Transcribe the data exactly, pictures excluded.

[The data]
- - - - - - -
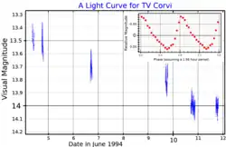 The system consists of a white dwarf and a donor companion which orbit around a common centre of gravity every 1.5096 hours (90.54 minutes).[6] The white dwarf sucks matter from the other star via its Roche lobe onto an accretion disc which is heated and changes viscosity before collapsing, typically reaching magnitude 13 in these outbursts and remaining near magnitude 19 when quiet.[2] In TV Corvi, these outbursts can be split into frequent eruptions and two types of less frequent supereruptions, behaviour found in a group of dwarf novae known as SU Ursae Majoris stars.[5] The AAVSO has recorded maxima as bright as visual magnitude 12.2.[7]
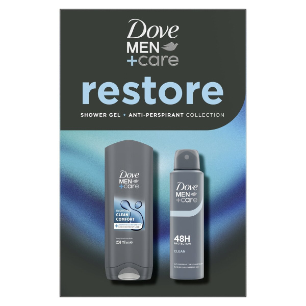 Dove Men+Care Clean Comfort gel za tuširanje za tijelo i lice: Aqua, Sodium Laureth Sulfate, Glycerin, Cocamidopropyl Betaine, Sodium Chloride, AcrylatesCopolymer, Sodium Lauroyl Isethionate, Parfum, Sodium Benzoate, Sodium Hydroxide, Stearic Acid, Lauric Acid, Palmitic Acid, Tetrasodium EDTA, SodiumIsethionate, Citric Acid, Hydroxystearic Acid, PPG-6, Alpha-Isomethyl Ionone, Benzyl Salicylate, Limonene, Linalool, CI 17200, CI 19140, CI 42090.Dove Men+Care Clean Comfort antiperspirant u spreju: Butane, Isobutane, Propane, Cyclopentasiloxane, PPG-14 Butyl Ether, Aluminum Sesquichlorohydrate, Parfum, Glycine, Helianthus Annuus Seed Oil, C12-15 Alkyl Benzoate, Disteardimonium Hectorite, Calcium Chloride, Octyldodecanol, BHT, Propylene Carbonate, Dimethiconol, Alpha-Isomethyl Ionone, Benzyl Alcohol, Citronellol, Coumarin, Hexyl Cinnamal, Limonene, Linalool.Nanašajte z razdalje 15 cm, počakajte, da se posuši. OPOZORILO: Ne nanašajte na poškodovano kožo. Prenehajte z uporabo, če sepojavi izpuščaj ali draženje. Izogibajte se neposrednemu vdihavanju. Nanašajte v krajših curkih v dobro prezračenem prostoru, izogibajte se pretiranemu nanosu. Ne pršite v bližini oči. Ni za uporabo v intimnem predelu. Uporabljajte le v skladu z navodili. Samo za zunanjo uporabo. NEVARNOST:Lahko vnetljiv aerosol. Posoda pod tlakom: lahko poči pri segrevanju. Hraniti ločeno od vročine, vročih površin, isker, odprtega ognja in drugih virov vžiga. Kajenje prepovedano. Ne pršite v odprt ogenj ali drug vir vžiga. Ne luknjajte ali sežigajte, tudi po uporabi. Zaščititi pred sončno svetlobo. Ne izpostavljajte temperaturam nad 50°C. Hraniti izven dosega otrok.
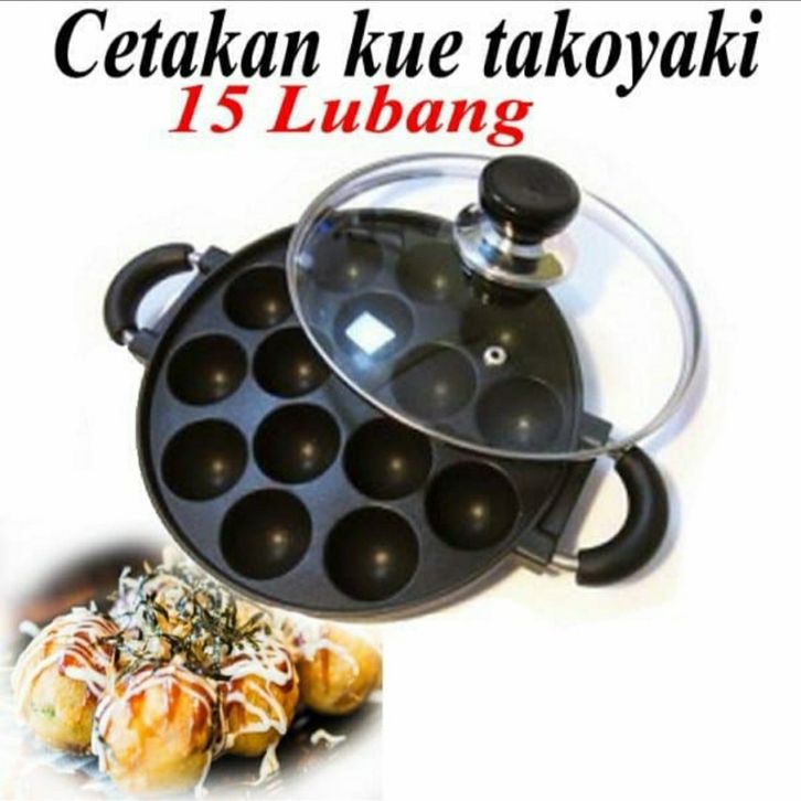 Cetakan Takoyaki 15 Lubang Anti Lengket + Tutup kaca terlaris
- - - - - - -
[Task result]
 The system consists of a white dwarf and a donor companion which orbit around a common centre of gravity every 1.5096 hours (90.54 minutes).[6] The white dwarf sucks matter from the other star via its Roche lobe onto an accretion disc which is heated and changes viscosity before collapsing, typically reaching magnitude 13 in these outbursts and remaining near magnitude 19 when quiet.[2] In TV Corvi, these outbursts can be split into frequent eruptions and two types of less frequent supereruptions, behaviour found in a group of dwarf novae known as SU Ursae Majoris stars.[5] The AAVSO has recorded maxima as bright as visual magnitude 12.2.[7]
 Dove Men+Care Clean Comfort gel za tuširanje za tijelo i lice: Aqua, Sodium Laureth Sulfate, Glycerin, Cocamidopropyl Betaine, Sodium Chloride, AcrylatesCopolymer, Sodium Lauroyl Isethionate, Parfum, Sodium Benzoate, Sodium Hydroxide, Stearic Acid, Lauric Acid, Palmitic Acid, Tetrasodium EDTA, SodiumIsethionate, Citric Acid, Hydroxystearic Acid, PPG-6, Alpha-Isomethyl Ionone, Benzyl Salicylate, Limonene, Linalool, CI 17200, CI 19140, CI 42090.Dove Men+Care Clean Comfort antiperspirant u spreju: Butane, Isobutane, Propane, Cyclopentasiloxane, PPG-14 Butyl Ether, Aluminum Sesquichlorohydrate, Parfum, Glycine, Helianthus Annuus Seed Oil, C12-15 Alkyl Benzoate, Disteardimonium Hectorite, Calcium Chloride, Octyldodecanol, BHT, Propylene Carbonate, Dimethiconol, Alpha-Isomethyl Ionone, Benzyl Alcohol, Citronellol, Coumarin, Hexyl Cinnamal, Limonene, Linalool.Nanašajte z razdalje 15 cm, počakajte, da se posuši. OPOZORILO: Ne nanašajte na poškodovano kožo. Prenehajte z uporabo, če sepojavi izpuščaj ali draženje. Izogibajte se neposrednemu vdihavanju. Nanašajte v krajših curkih v dobro prezračenem prostoru, izogibajte se pretiranemu nanosu. Ne pršite v bližini oči. Ni za uporabo v intimnem predelu. Uporabljajte le v skladu z navodili. Samo za zunanjo uporabo. NEVARNOST:Lahko vnetljiv aerosol. Posoda pod tlakom: lahko poči pri segrevanju. Hraniti ločeno od vročine, vročih površin, isker, odprtega ognja in drugih virov vžiga. Kajenje prepovedano. Ne pršite v odprt ogenj ali drug vir vžiga. Ne luknjajte ali sežigajte, tudi po uporabi. Zaščititi pred sončno svetlobo. Ne izpostavljajte temperaturam nad 50°C. Hraniti izven dosega otrok.
 Cetakan Takoyaki 15 Lubang Anti Lengket + Tutup kaca terlaris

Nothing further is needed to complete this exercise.